The crystal structure of compound 1c, determined by X-ray diffraction, confirms the spectroscopic data. The structure is constructed of [Pd{C₆H₄–2–Cl–(H)C=N(C₆H₄–2–SMe)}Cl] from discrete molecules. The molecule contains a tetracyclic system, composed of an aryl ring that shares a C–C bond with the chelate ring, which is formed by the coordination of two heteroatoms (N and S) to the palladium, a five-membered palladacycle in structure, and the other phenyl ring. The palladium atom is bound to chlorine, sulfur, imine nitrogen, and C(14) for the 1c atom in a slightly distorted square/planar environment. This proved that the thioimines bind to palladium(II) in a specific way.

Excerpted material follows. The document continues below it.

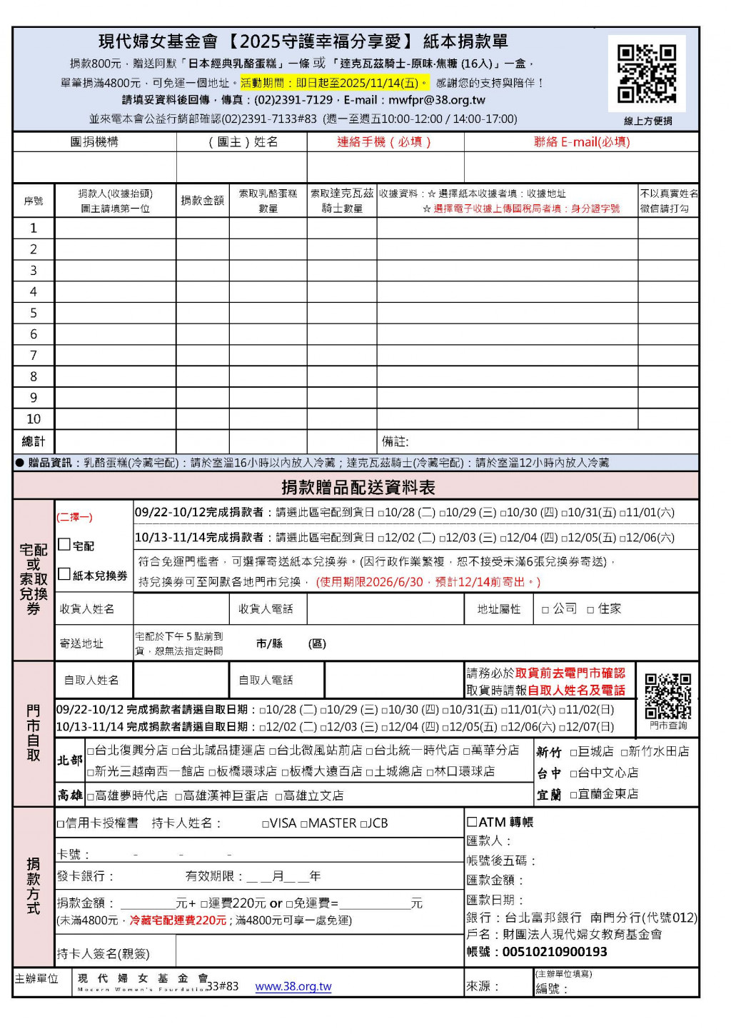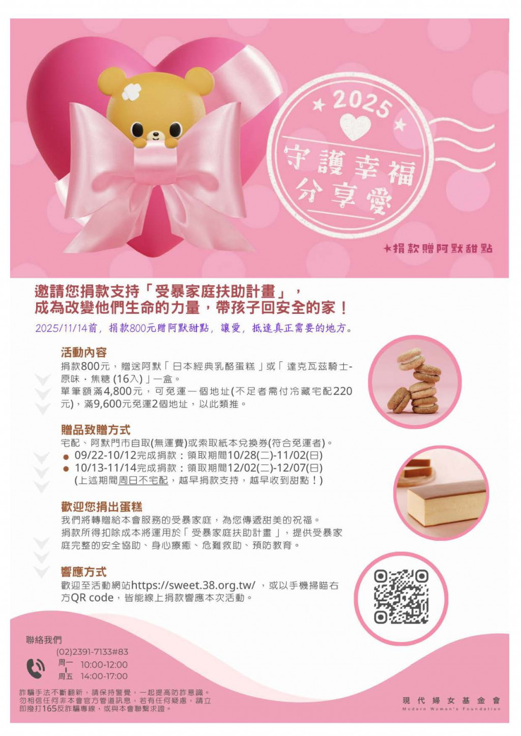 歡迎透過本會「2025守護幸福分享愛」活動網頁線上捐款https://sweet.38.org.tw,或傳真回覆紙本捐款單捐款(詳見附件一)。 |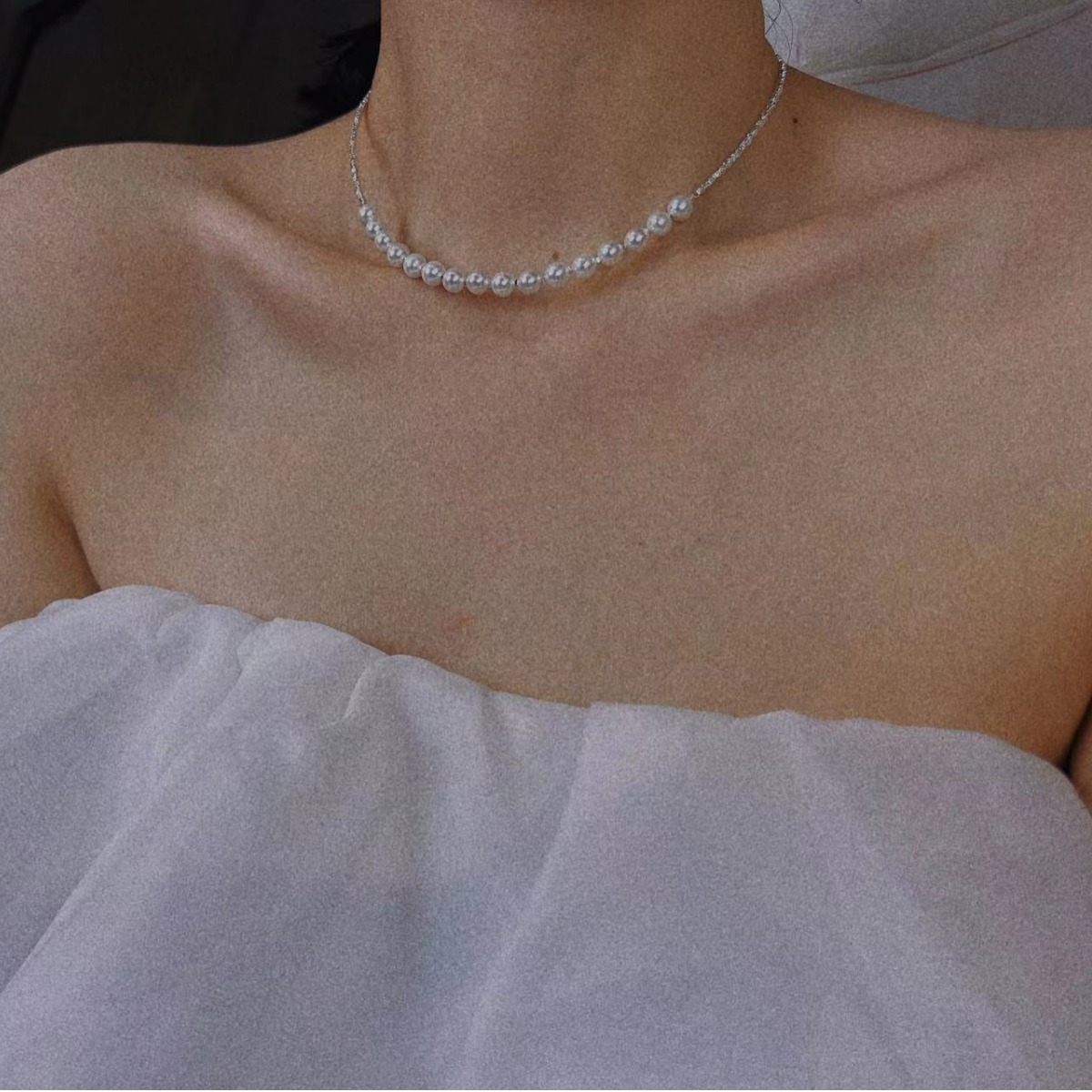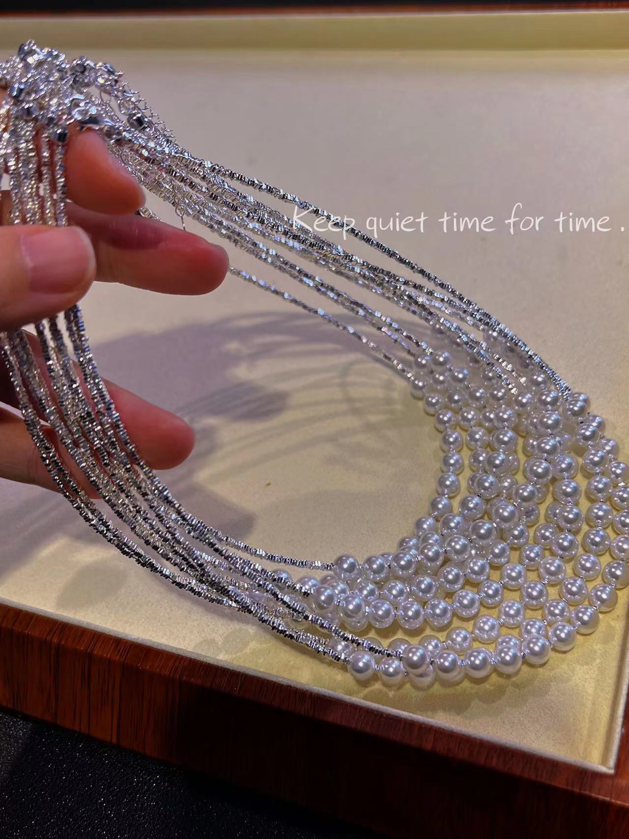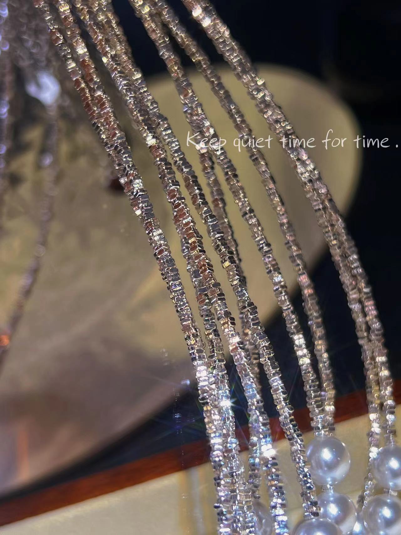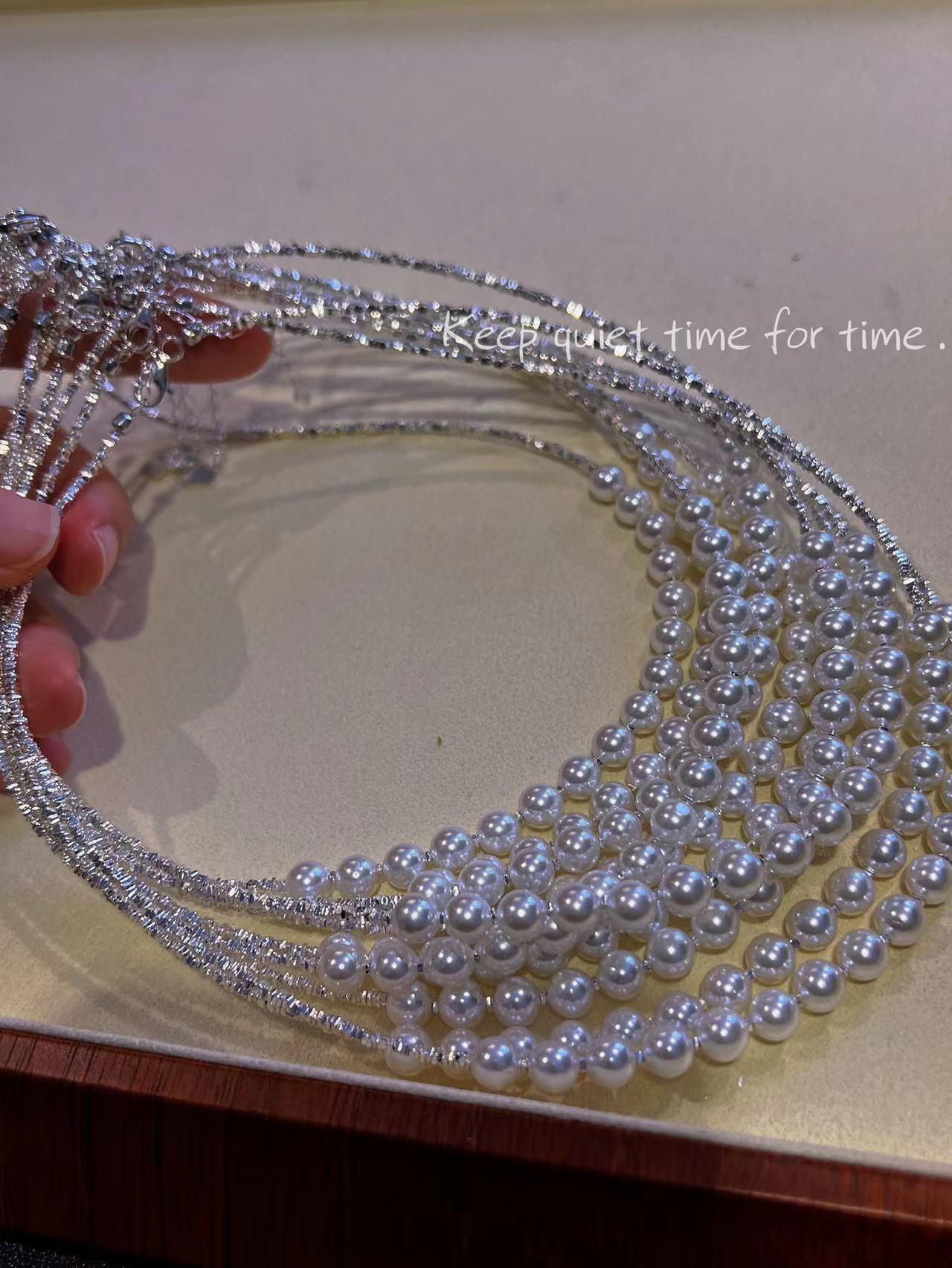 波光粼粼S925银银碎银子项链施家珍珠项链贝珠颈链

The lengths of the C=N bonds 1.307(6) Å in 1c are comparable to those found in related palladacycles derived from Schiff bases [15]. The distance between the Cl and the H(5) atom in compound 1c [2.914 Å and 2.904 Å] also indicates a weak Cl^….H^....C(5) intramolecular interaction [16]. Figure 3 and Figure 4 show the molecular structure of 1c, as well as their atom–labeling schemes.

Table 1. Crystal data and structure refinement for 1c.

Empirical formula	C14H11Cl2NPdS
Formula weight	402.63
Temperature/K	100.0
Crystal system	triclinic
Space group	P-1
a/Å	10.9824(2)
b/Å	18.2981(3)
c/Å	14.3485(3)
α/°	90
β/°	99.9460(10)
γ/°	90
Volume/Å3	2840.10(9)
Z	8
ρcalc (g/cm3)	1.876
μ/mm−1	15.235
F(000)	1572.0
Crystal size/mm3	0.1 × 0.05 × 0.03
Radiation	CuKα (λ = 1.54184)
θ range for data collection/°	4.83 to 149.41
Index ranges	−13 ≤ h ≤ 13, −22 ≤ k ≤ 22, −17 ≤ l ≤ 17
Reflections collected	83,138
Independent reflections	11,516 [Rint = 0.0899, Rsigma = 0.0514]
Data/restraints/parameters	11,516/0/690
Goodness-of-fit on F2	1.040
Final R indexes [I >= 2σ (I)]	R1 = 0.0369, wR2 = 0.0803
Final R indexes [all data]	R1 = 0.0583, wR2 = 0.0881

and

Table 2. Bond length (Å) and bond angles (^o) for molecular structure 1c.

Bond Lengths
Pd-C(14)	1.986 (5)	Pd-N	2.008 (4)
Pd-Cl	2.304 (1)	Pd-S	2.375 (1)
S-C(2)	1.783 (6)	S-C(1)	1.812 (7)
N-C(8)	1.307 (7)	N-C(7)	1.416 (7)
C(2)-C(7)	1.400 (8)	C(2)-C(3)	1.393 (8)
C(3)-C(4)	1.364 (7)	C(4)-C(5)	1.380 (8)
C(5)-C(6)	1.386 (8)	C(6)-C(7)	1.400 (7)
C(8)-C(9)	1.441 (8)	C(9)-C(10)	1.393 (8)
C(9)-C(14)	1.422 (8)	C(10)-C(11)	1.387 (8)
C(10)-Cl	1.751 (6)	C(11)-C(12)	1.376 (7)
C(13)-C(14)	1.395 (8)	C(12)-C(13)	1.397 (8)
Bond Angels
N-Pd-S	85.33 (1)	C(14)-Pd-Cl	95.09 (1)
S-C(2)-C(3)	119.89 (4)	Cl-S-Pd	103.03 (2)
N-C(8)-C(9)	115.52 (4)	C(7)-C(2)-S	120.15 (4)
C(2)-C(7)-N	118.3 (4)	N-Pd-C(14)	82.10 (2)

show the crystallographic data and a variety of bond lengths and bond angles for structure 1c.